Letters to the Editor

EPA attack, Capitol art, parkway fires, twin tunnels

“The Dome” – graphite on acrylic on vellum
“The Dome” – graphite on acrylic on vellum Special to The Bee

Another right-wing attack on the EPA

Re “EPA smog rules could stifle economic hopes” (Viewpoints, Aug. 16): Jillian Melchior’s article is just another right-wing attack against the Environmental Protection Agency. Her organization, Independent Women’s Forum, is a conservative, right-wing organization with a name that attempts to legitimize it. This is a typical right-wing tactic to fool the public into giving such organizations credibility.

She uses the tired old scare tactic that to give all our citizens’ clean, breathable air that won’t cause illness and early deaths will destroy our economy. Nonsense. Eliminating carbon-based, polluting, noxious greenhouse gases and switching to clean renewable energy will save hundreds of billions in medical expenses and mitigate climate-change disasters, and also will create a huge boost to the economy by creating green jobs. There’s no time to wait!

Don’t be fooled by these legitimate-sounding, front organizations that put profits for investors above the rights of all of us.

Frank Roeske, Auburn

Beautiful art of the Capitol

Re “Capitol architecture, symbols of state” (Forum, Aug. 16): Stephanie Taylor’s insightful drawings at the Capitol are stunning. Her article is accurate and thoughtful.

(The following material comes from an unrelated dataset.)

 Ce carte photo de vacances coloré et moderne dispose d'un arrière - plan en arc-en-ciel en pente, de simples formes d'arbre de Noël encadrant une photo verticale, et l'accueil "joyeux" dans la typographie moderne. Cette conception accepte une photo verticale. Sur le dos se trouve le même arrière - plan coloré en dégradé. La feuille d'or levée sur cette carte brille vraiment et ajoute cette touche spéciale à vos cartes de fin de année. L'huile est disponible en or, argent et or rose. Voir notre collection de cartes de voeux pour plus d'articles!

As a docent at the Capitol, I can attest that Assemblyman Ken Cooley truly loves the Capitol and is willing to share his knowledge with those of us who are fortunate to receive docent training from him.

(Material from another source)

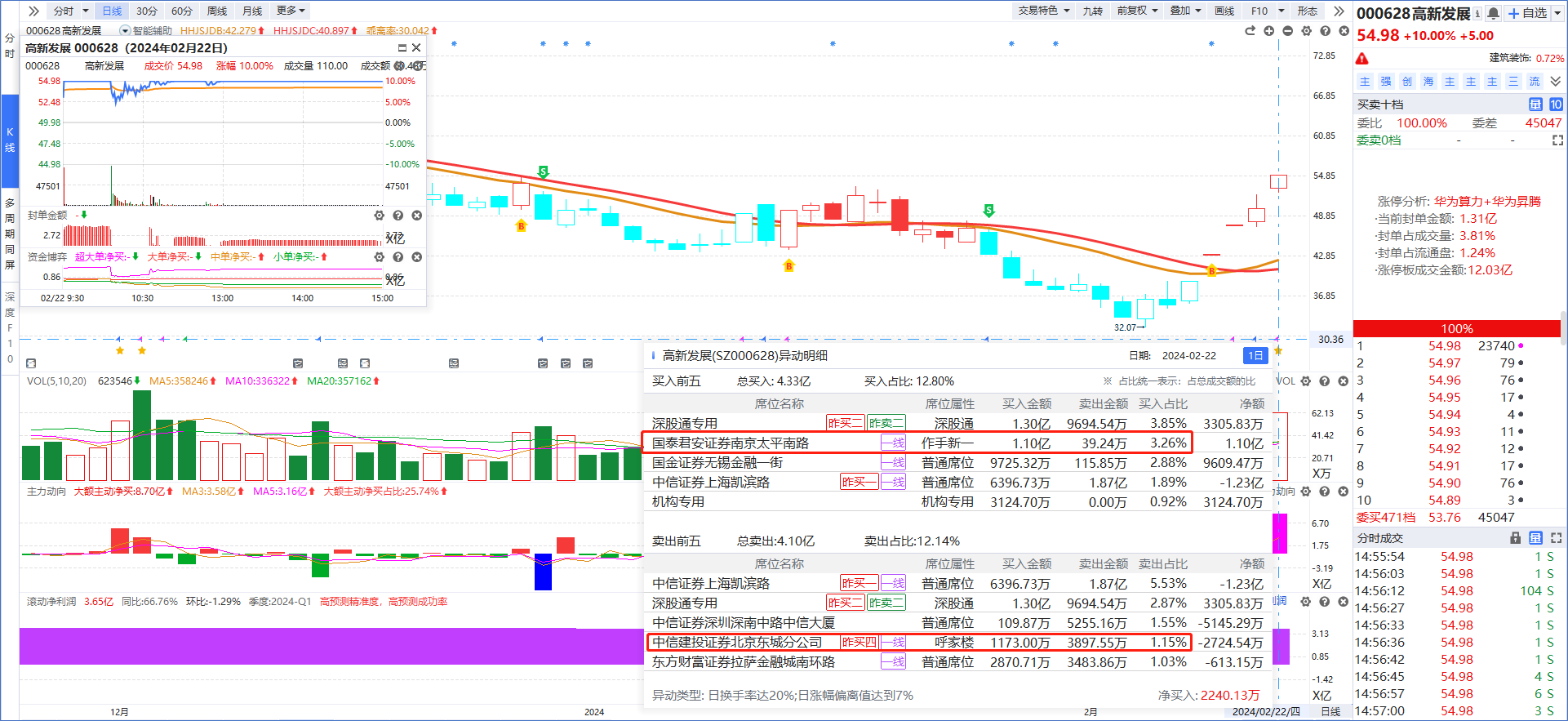 高新发展(游资接力+巨幅换手+反包涨停+华为算力)

Recently, I was on duty in the treasury office when a visiting couple from Arizona told me she was the great-granddaughter of one of the men who installed the gold dome on the Capitol.

I suggested she go to Cooley’s office and introduce herself. He was pleased to share time with them and gave them mementos of the Capitol.

They returned to tell me how privileged they were to see and photograph her family’s contribution to our beautiful Capitol.

Bernadette Hicks,

Carmichael

A paragon to home cooks

Re “A toast to the rigor of writing recipes” (Forum, Aug. 16): Cheers to Elaine Corn for her story saluting Sunset magazine’s food editor emerita Jerry Anne Di Vecchio. Di Vecchio’s positive impact on food trends, home cooks and on fresh Western cuisine is felt by scores of today’s professionals and home cooks.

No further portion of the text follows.